### Problem to work on
Within the records below, reproduce without change the lines from the line that has "雷佳\阎维文演唱的你的名字(电视剧《穆桂" through the line that has "Pie chart of", and only those.

### Dataset
##############################
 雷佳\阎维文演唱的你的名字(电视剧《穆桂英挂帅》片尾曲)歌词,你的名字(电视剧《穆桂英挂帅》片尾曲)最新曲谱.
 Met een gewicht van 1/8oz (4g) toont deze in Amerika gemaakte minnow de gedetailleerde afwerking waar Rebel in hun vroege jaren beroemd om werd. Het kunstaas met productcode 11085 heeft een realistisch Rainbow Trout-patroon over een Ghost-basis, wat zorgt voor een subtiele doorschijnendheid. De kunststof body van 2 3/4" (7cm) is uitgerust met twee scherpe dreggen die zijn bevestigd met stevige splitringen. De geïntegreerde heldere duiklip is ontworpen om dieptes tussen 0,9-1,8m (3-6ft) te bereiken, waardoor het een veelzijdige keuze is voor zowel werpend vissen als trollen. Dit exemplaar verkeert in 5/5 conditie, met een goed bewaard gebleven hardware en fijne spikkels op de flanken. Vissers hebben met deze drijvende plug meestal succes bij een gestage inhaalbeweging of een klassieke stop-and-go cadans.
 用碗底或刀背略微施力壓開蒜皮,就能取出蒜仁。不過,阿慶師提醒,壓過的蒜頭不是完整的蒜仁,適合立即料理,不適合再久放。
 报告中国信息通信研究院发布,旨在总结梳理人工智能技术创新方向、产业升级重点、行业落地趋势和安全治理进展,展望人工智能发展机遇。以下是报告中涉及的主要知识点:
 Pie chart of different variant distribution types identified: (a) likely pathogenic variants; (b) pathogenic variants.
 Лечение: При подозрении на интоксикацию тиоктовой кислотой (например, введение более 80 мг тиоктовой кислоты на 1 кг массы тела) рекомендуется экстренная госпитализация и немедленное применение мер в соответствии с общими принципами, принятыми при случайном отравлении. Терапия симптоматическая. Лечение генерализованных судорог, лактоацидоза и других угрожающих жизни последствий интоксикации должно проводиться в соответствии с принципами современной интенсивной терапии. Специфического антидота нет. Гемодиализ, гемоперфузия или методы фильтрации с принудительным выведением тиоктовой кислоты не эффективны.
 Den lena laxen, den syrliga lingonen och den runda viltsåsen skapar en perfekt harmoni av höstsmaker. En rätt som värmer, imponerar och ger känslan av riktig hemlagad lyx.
##############################
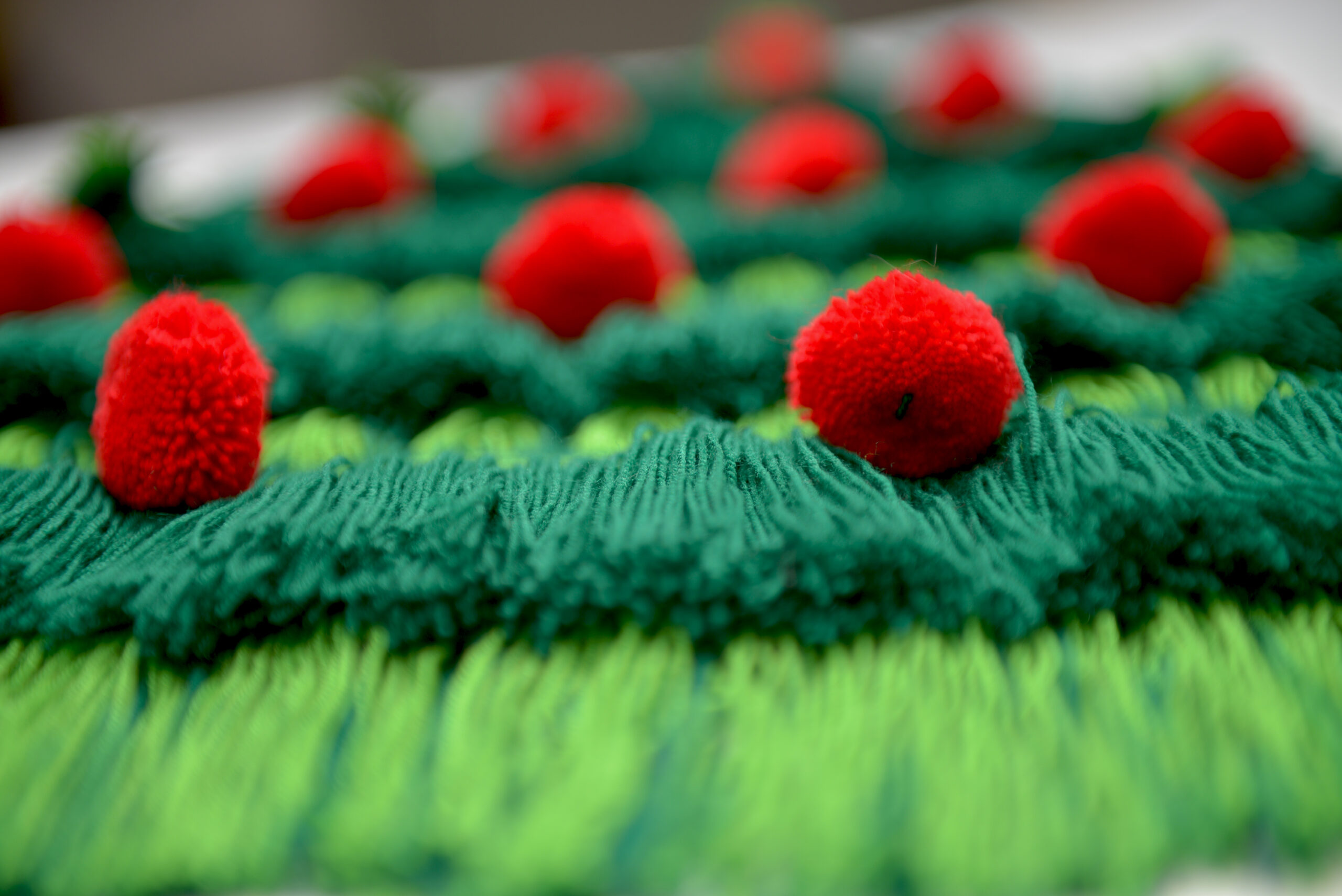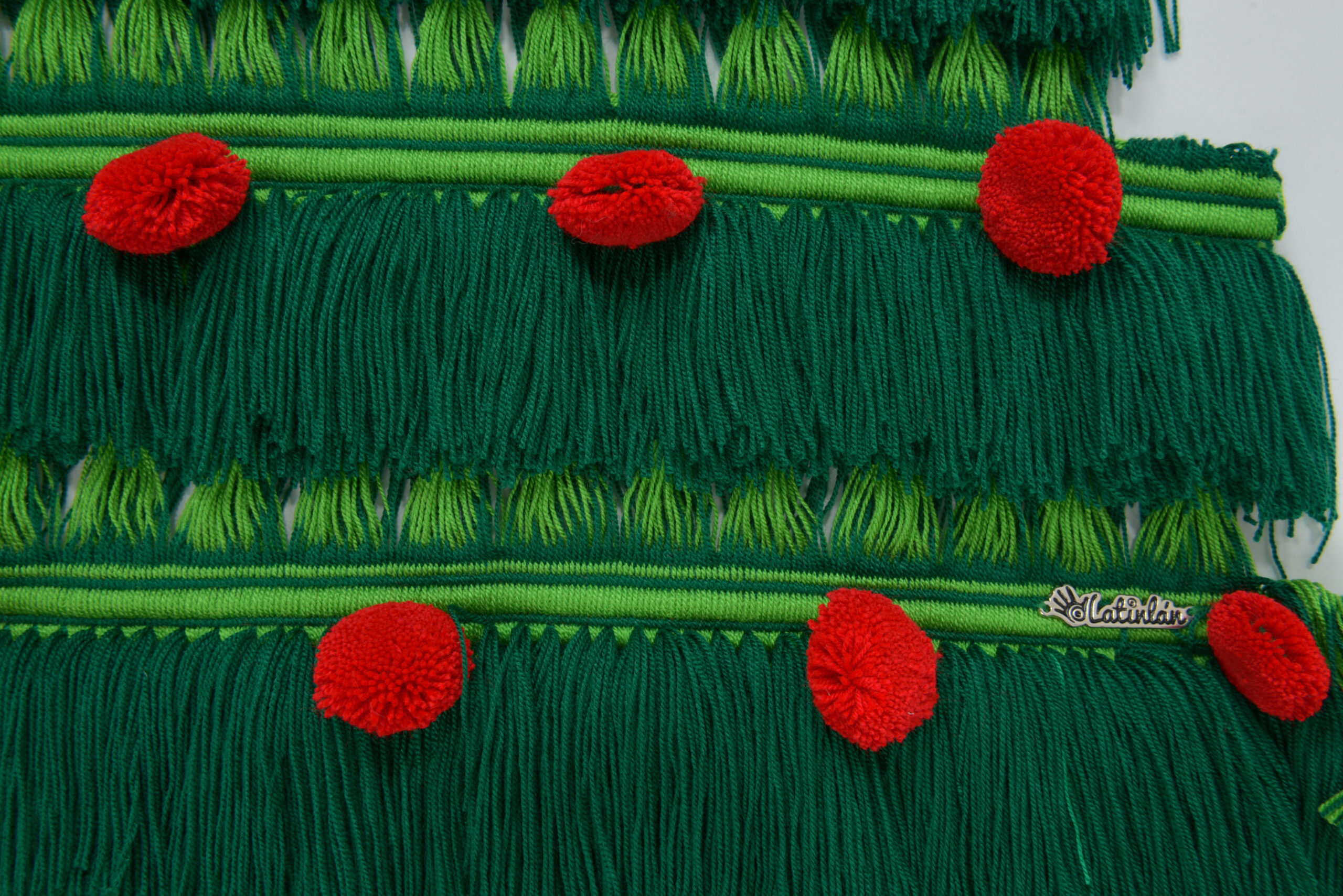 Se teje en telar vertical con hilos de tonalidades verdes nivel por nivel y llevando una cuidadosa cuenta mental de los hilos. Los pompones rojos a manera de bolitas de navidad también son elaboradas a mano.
##############################
### Your response
 雷佳\阎维文演唱的你的名字(电视剧《穆桂英挂帅》片尾曲)歌词,你的名字(电视剧《穆桂英挂帅》片尾曲)最新曲谱.
 Met een gewicht van 1/8oz (4g) toont deze in Amerika gemaakte minnow de gedetailleerde afwerking waar Rebel in hun vroege jaren beroemd om werd. Het kunstaas met productcode 11085 heeft een realistisch Rainbow Trout-patroon over een Ghost-basis, wat zorgt voor een subtiele doorschijnendheid. De kunststof body van 2 3/4" (7cm) is uitgerust met twee scherpe dreggen die zijn bevestigd met stevige splitringen. De geïntegreerde heldere duiklip is ontworpen om dieptes tussen 0,9-1,8m (3-6ft) te bereiken, waardoor het een veelzijdige keuze is voor zowel werpend vissen als trollen. Dit exemplaar verkeert in 5/5 conditie, met een goed bewaard gebleven hardware en fijne spikkels op de flanken. Vissers hebben met deze drijvende plug meestal succes bij een gestage inhaalbeweging of een klassieke stop-and-go cadans.
 用碗底或刀背略微施力壓開蒜皮,就能取出蒜仁。不過,阿慶師提醒,壓過的蒜頭不是完整的蒜仁,適合立即料理,不適合再久放。
 报告中国信息通信研究院发布,旨在总结梳理人工智能技术创新方向、产业升级重点、行业落地趋势和安全治理进展,展望人工智能发展机遇。以下是报告中涉及的主要知识点:
 Pie chart of different variant distribution types identified: (a) likely pathogenic variants; (b) pathogenic variants.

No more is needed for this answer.